Under the terms of the offer, TRC Capital would buy 2.5 million of Teva's ordinary shares, or about 0.4 percent of the company, in the form of American Depository Shares, at a price of $37.80 per share, which is 3.8% below the $39.31 Nasdaq closing price of the ADS on April 19, the day prior to the date of the offer.
"I don't think someone will accept this low offer and sell," Erez said, noting that Teva was still trading at an attractive share price and investment houses might be looking into acquiring minority stakes of 4% to 5%. "Teva's shares are trading at a low level. This might change and shares will go up if the company's report on 2006 guidance scheduled for May 10 is good."
TRC Capital's offer will expire on May 19.

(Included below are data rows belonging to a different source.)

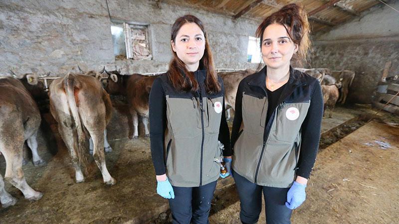 Veteriner hekimler, belirledikleri güzergahtaki köylerdeki büyükbaşları salgın hastalıklardan korumak için aşılıyor. Yeni doğan yavruları da kimliklerini oluşturmak amacıyla küpeleyen ekipler, besicileri salgın hastalıklar konusunda da bilgilendiriyor. Yeni doğan buzağılara brusella, kedi ve köpeklere kuduz aşısı yapan Ekiz ve Tazegül, çalışmalarını zor şartlara rağmen sürdürdüklerini anlatıyor.
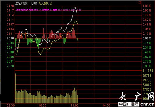 午盤:滬指漲0.87%重返2100點 白酒股領(lǐng)漲
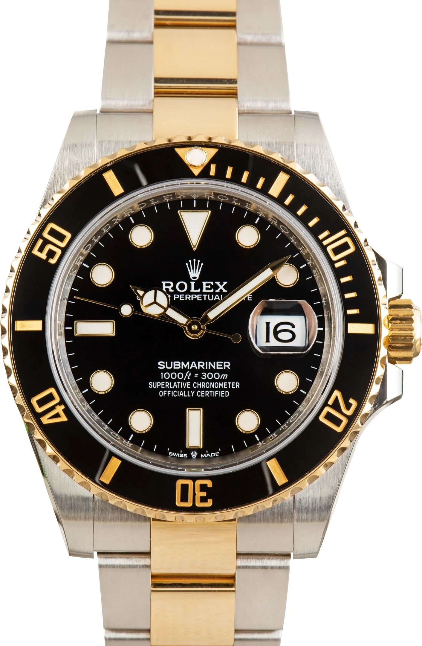 Why We Love This Watch This pre-owned Rolex Submariner ref. 126613LN (2021) blends modern engineering with elevated two-tone luxury. This 41mm case, crafted from resilient Oystersteel and 18k yellow gold, is paired with a unidirectional black Cerachrom bezel that frames a sleek black dial illuminated by Chromalight for flawless low-light readability. This iconic Oyster bracelet adds both comfort and refined presence on the wrist. Driven by Rolex’s self-winding Caliber 3235, this Submariner offers a robust 70-hour power reserve and precision performance. Water-resistant to 300 meters, this distinguished model captures the perfect harmony of luxury design and professional-grade diving capability. WATCH DETAILS CREDIT CARD PRICE $20,163.26 BRAND Rolex MODEL NAME Submariner MODEL NUMBER 126613 YEAR 2021 ITEM NUMBER 183319 CONDITION Excellent GENDER Mens BOX & PAPERS Box and Papers CASE MATERIAL Steel and Gold CRYSTAL Sapphire SIZE 41MM BEZEL Ceramic Timing CASEBACK Solid SERIAL 81G4DXXX DIAL Black w/ Luminous hour markers, Chromalight hands & Chromalight lume MOVEMENT CALIBRE 3235 TYPE Automatic BEZEL Unidirectional COMPLICATION Date BRACELET MATERIAL Two-Tone TYPE Oyster CLASP Glidelock
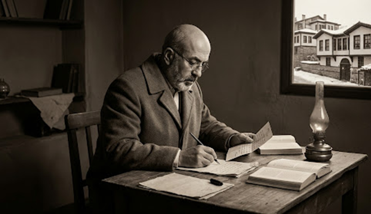 Mehmet Akif, Taceddin Dergahı'nda İstiklal Marşı'nı Kaleme Alırken.
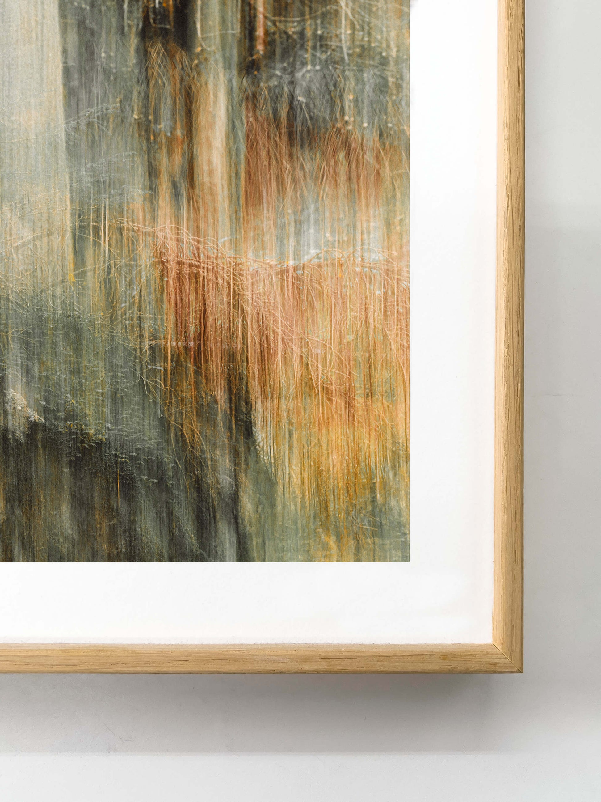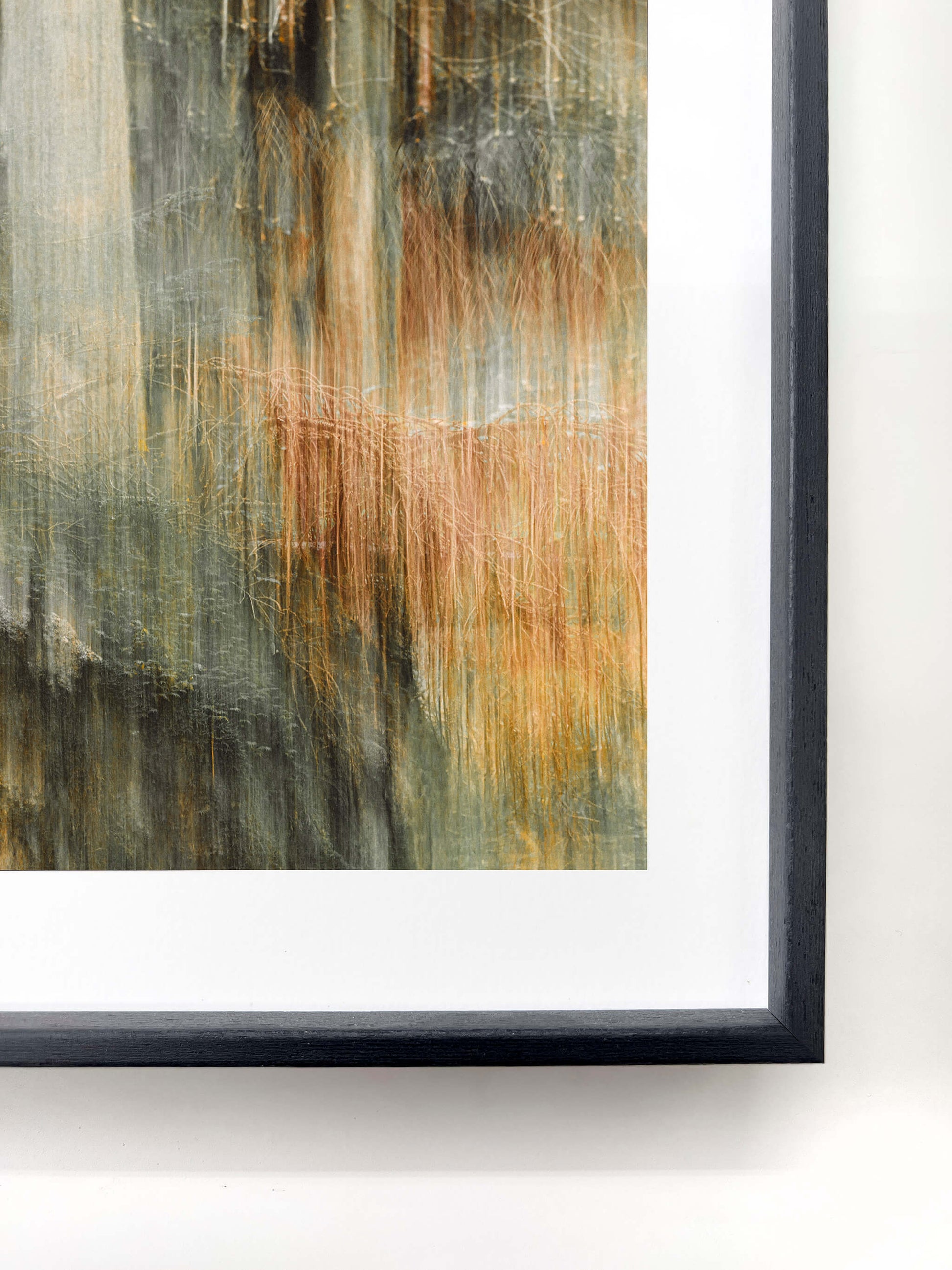Strength and warmth, held in balance. Each frame unites the clean precision of aluminium with the grounded calm of real wood. Available in anthracite black or oak — tones that echo the forest and its shadows. Frames are shipped without glass for a more natural, gallery-like presence; UV-glass can be added later if desired. -

A mini-tender is an offer to buy securities from a company's shareholders at a discount to the price at which the shares are currently trading. The Securities and Exchange Commission has issued an investor alert regarding these mini-tender offers, noting that in making the offers at below-market prices bidders are "hoping that they will catch investors off guard if the investors do not compare the offer price to the current market price."
Toronto-based TRC Capital has made numerous such mini-tender offers. The company has previously approached Schering-Plough Corporation, Abbott Laboratories and, most recently, Anheuser-Busch and Chevron Corporation.
These offers are devised to seek less than 5% of a company's outstanding shares, thereby avoiding many procedural and disclosure requirements of the SEC because they are below the agency's threshold for providing such disclosure and procedural protections for investors.